GCP Authentication
To deploy infrastructure on Google Cloud Platform (GCP) using Terraform, you must authenticate Terraform to your GCP project. This guide covers real-life scenarios for local development, CI/CD pipelines, and multi-project setups, with best practices for security and automation.
1. Local Development: gcloud CLI & Application Default Credentials
The recommended way to authenticate locally is to use the Google Cloud SDK (gcloud
).
gcloud auth application-default login
This command creates an Application Default Credentials (ADC) file at ~/.config/gcloud/application_default_credentials.json
.
Provider block example:
provider "google" {
project = var.gcp_project
region = var.gcp_region
}
Terraform will automatically use ADC if no credentials are specified.
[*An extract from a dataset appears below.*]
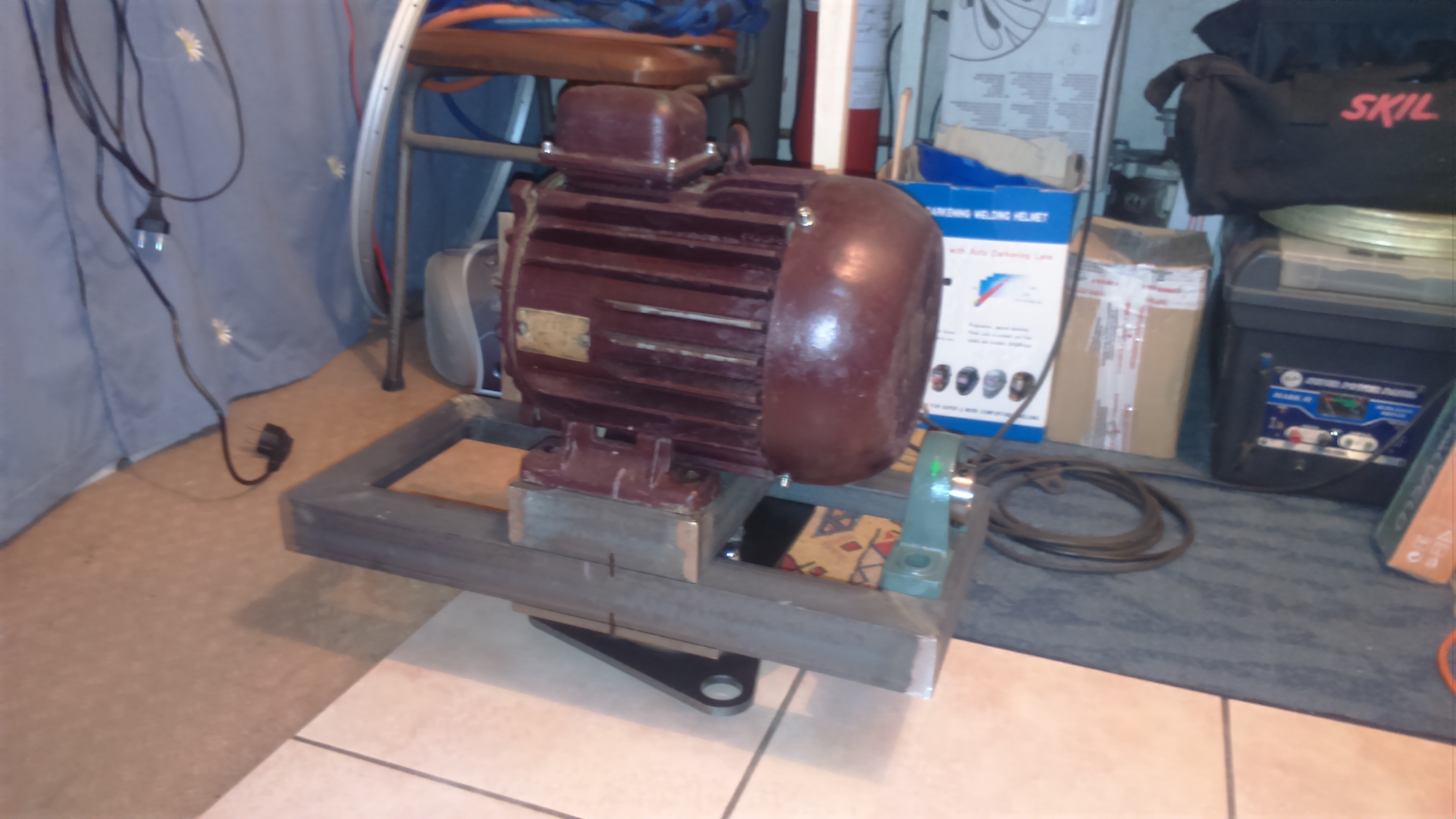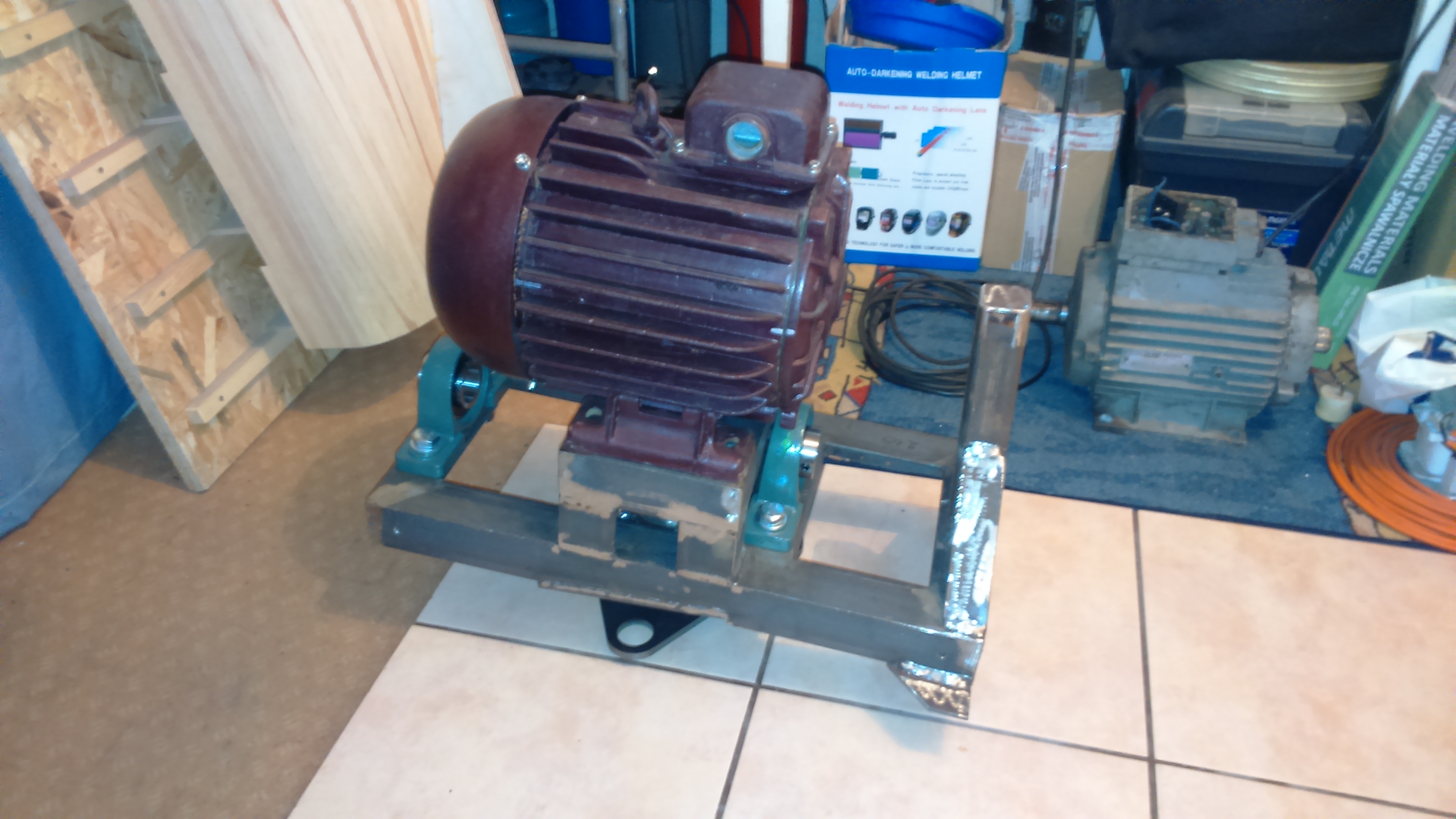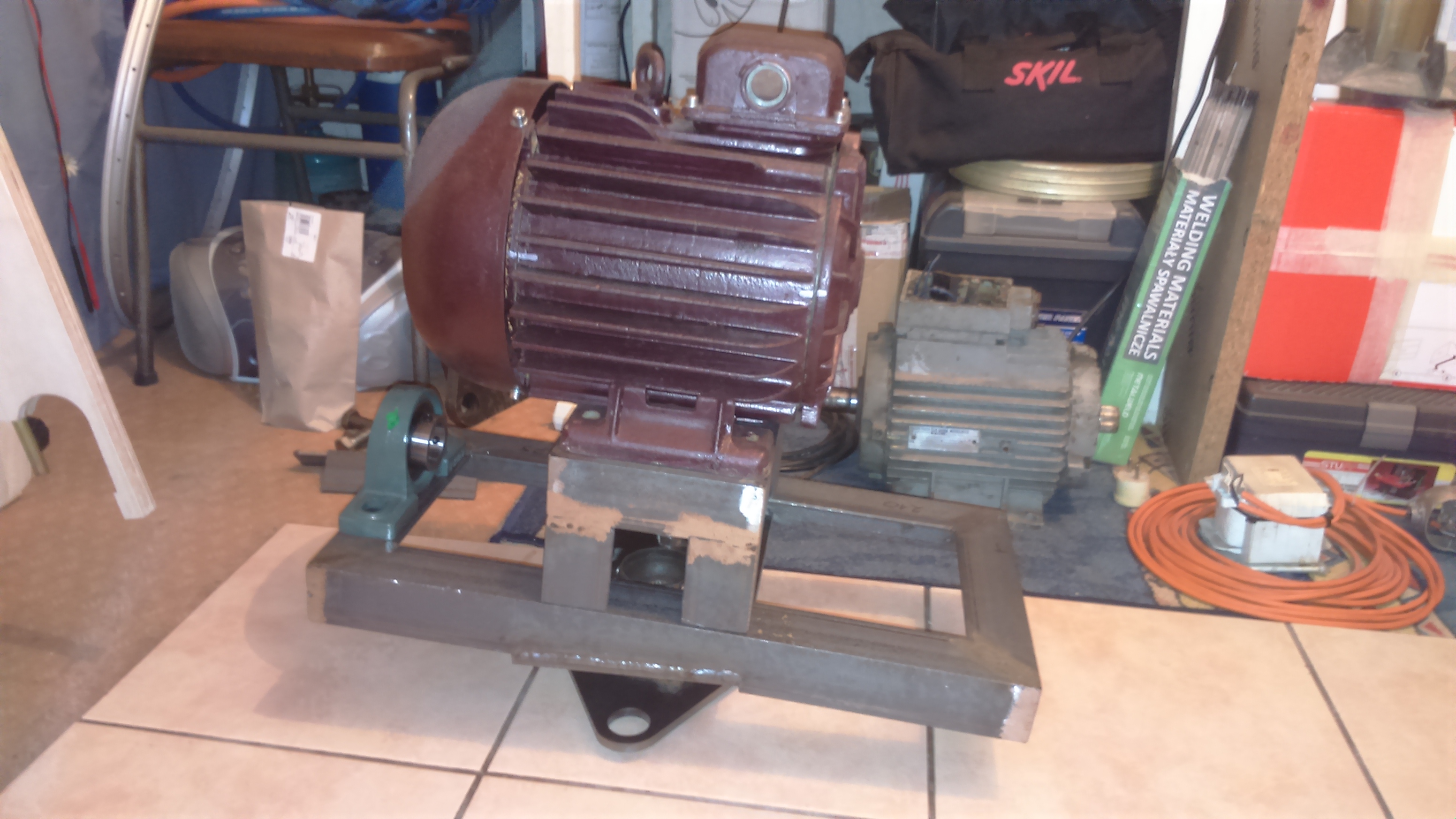 Tak wygląda podniesienie o 69mm. Wydaje sie że troche wysoko silnik stoi, ale małe koło ma 75mm, a duże ma 227mm średnicy. Pasek ma 92 zęby i odstęp między kołami to 35mm. Kolejny niższy pas ma 86Z, ale wtedy odstęp pomiędzy kołami to jedyne 2mm. Troche za mało, więc pozostaje 92Z.
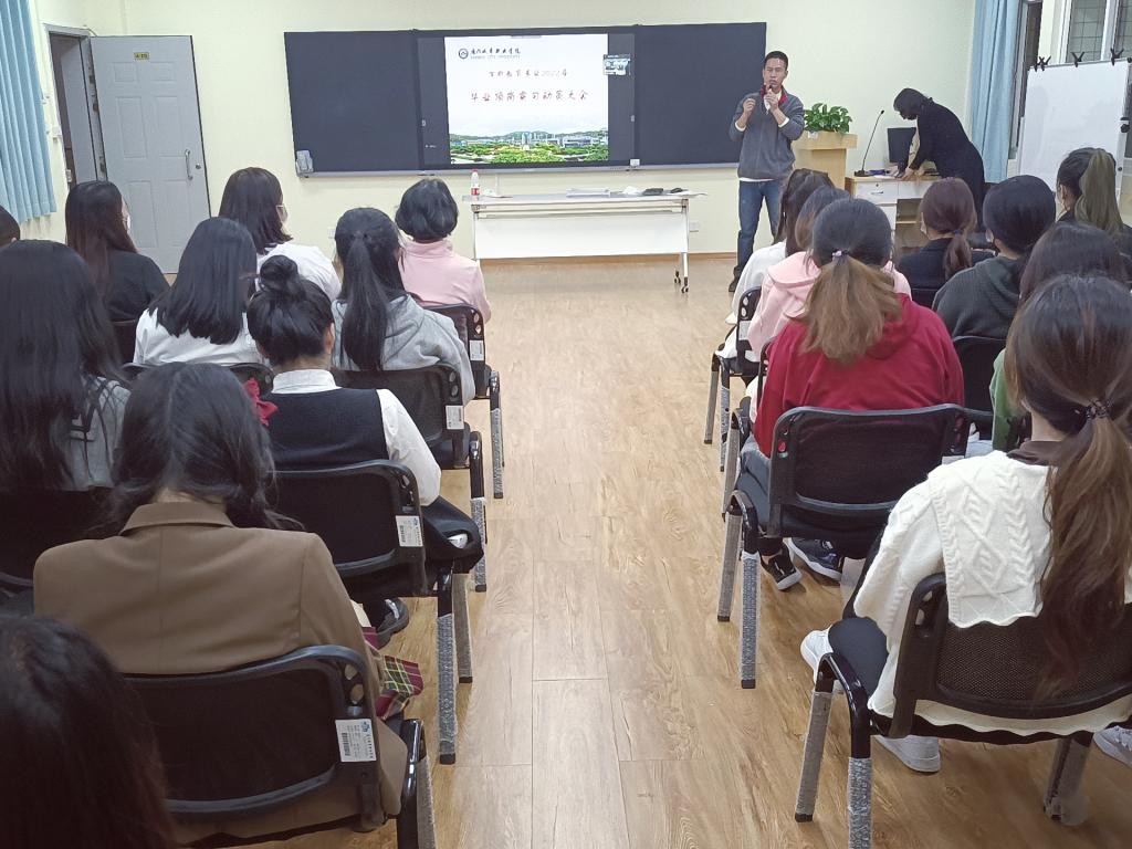 辅导员刘发煌对毕业与就业相关事务进行指导,并就国家政策性就业项目进行了解读。学前教育专业主任王慧敏、早期教育专业主任骆阳分专业给学生布置实习工作,对顶岗实习的时间安排、具体要求、考核标准进行说明,并安排指导老师与学生对接。

Best Practice: Use named configurations for multiple projects:
gcloud config configurations create dev
# Set project, region, etc.
gcloud config set project my-dev-project
gcloud config set compute/region us-central1
gcloud config configurations activate dev
2. Service Account Key File (for CI/CD and Automation)
For automation (GitHub Actions, GitLab CI, Azure Pipelines), use a GCP Service Account with the required IAM roles. Download its JSON key and store it securely (never commit to code).
Set the environment variable:
export GOOGLE_APPLICATION_CREDENTIALS="/path/to/service-account.json"
Provider block example:
provider "google" {
credentials = file(var.gcp_credentials_file)
project = var.gcp_project
region = var.gcp_region
}
GitHub Actions Example:
jobs:
terraform:
runs-on: ubuntu-latest
env:
GOOGLE_APPLICATION_CREDENTIALS: ${{ secrets.GCP_CREDENTIALS }}
steps:
- uses: actions/checkout@v4
- uses: hashicorp/setup-terraform@v3
- name: Write GCP credentials
run: echo "$GOOGLE_APPLICATION_CREDENTIALS" > /tmp/account.json
- run: export GOOGLE_APPLICATION_CREDENTIALS=/tmp/account.json && terraform init
- run: export GOOGLE_APPLICATION_CREDENTIALS=/tmp/account.json && terraform apply -auto-approve
GitLab CI Example:
variables:
GOOGLE_APPLICATION_CREDENTIALS: /tmp/account.json
before_script:
- echo "$GCP_CREDENTIALS" > /tmp/account.json
stages:
- apply
apply:
stage: apply
image: hashicorp/terraform:1.7.5
script:
- terraform init
- terraform apply -auto-approve
3. Workload Identity Federation (OIDC for CI/CD)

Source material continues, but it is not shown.